American composer (born 1972)

Brian Theodore Tyler (born May 8, 1972) is an American composer, conductor, arranger and multi-instrumentalist best known for his film, television, and video game scores. In his 26-year career, Tyler has scored seven installments of the Fast & Furious franchise, Aliens vs. Predator: Requiem, the fourth and fifth films of the Rambo franchise, Eagle Eye, the fourth and fifth films of the Final Destination franchise, the first three films of The Expendables franchise, the Marvel Cinematic Universe films Iron Man 3, Thor: The Dark World, and Avengers: Age of Ultron alongside Danny Elfman, the Now You See Me franchise, Crazy Rich Asians, the fifth and sixth films of the Scream franchise, The Super Mario Bros. Movie, and its sequel, The Super Mario Galaxy Movie, among others.

Tyler also created the current arrangement of the Universal Pictures logo fanfare (originally composed by Jerry Goldsmith) which debuted with The Lorax (2012) in celebration of Universal Pictures' 100th anniversary. He also composed the 2013–2016 Marvel Studios logo, which debuted with Thor: The Dark World (2013), which he also composed the film's score. He composed the NFL Sunday Countdown Theme for ESPN, the Formula One theme (also used in Formula 2 and Formula 3), and the anthem for the Esports World Cup. He is also behind the soundtrack of many television series including Yellowstone, 1883 and 1923, all with Breton Vivian. For his work as a film composer, he won the IFMCA Awards 2014 Composer of the Year.

His composition for the film Last Call earned him the first of three Emmy nominations, a gold record, and induction into the music branch of the Academy of Motion Picture Arts and Sciences. As of April 2026, his films are approaching $20 billion at the global box office, putting him in the top 10 highest-grossing film composers of all time.

He also has an electronic music alias, "Are We Dreaming".

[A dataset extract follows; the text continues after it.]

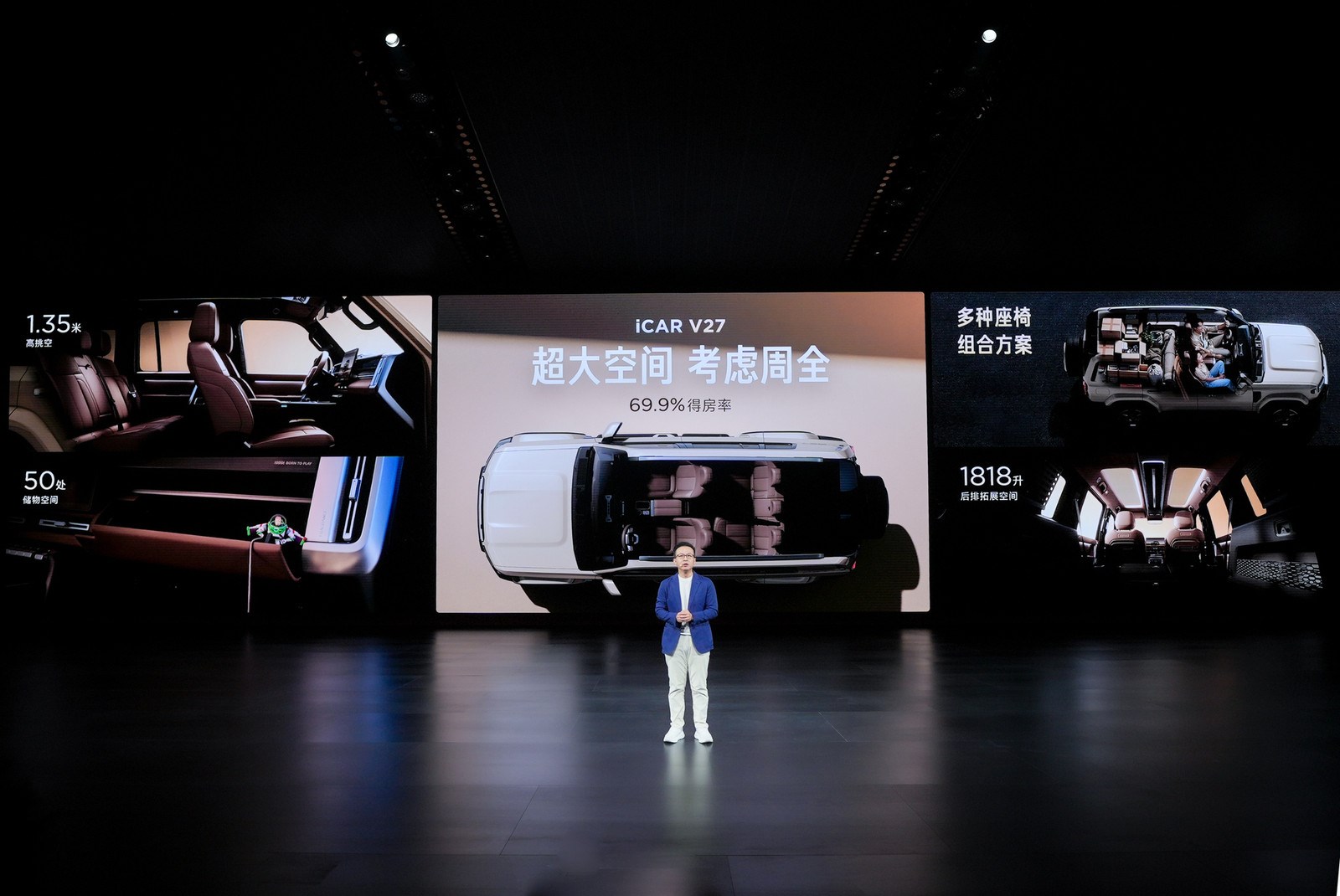 针对家庭出行需求,V27打造了极致通透大空间,车内挑空高度达1350mm。后排座椅放倒后可形成1818L方正储物空间,搭配定制床垫可秒变2150×1050mm舒适大床。全车多达50处储物空间,可妥帖安放每位家庭成员的小物件。

==Early life and education==
Tyler was born and raised in Orange County, California. His grandfather was art director Walter H. Tyler. One of his first major influences was his pianist grandmother. He holds a bachelor's degree from the University of California, Los Angeles and a master's from Harvard University. Growing up, he taught himself to play dozens of musical instruments, including drums, piano, guitar, bass, cello, world percussion, synthesizer, charango and bouzouki.

==Career==
===Film===
Tyler began scoring features shortly after graduating from Harvard. Robert Kraft, who was impressed with Tyler's music, encouraged him to pursue a career in film scoring. Tyler's first film score was for the independent film Bartender (1997), directed by Gabe Torres. The following year, he and Red Elvises composed the score for Six-String Samurai (1998).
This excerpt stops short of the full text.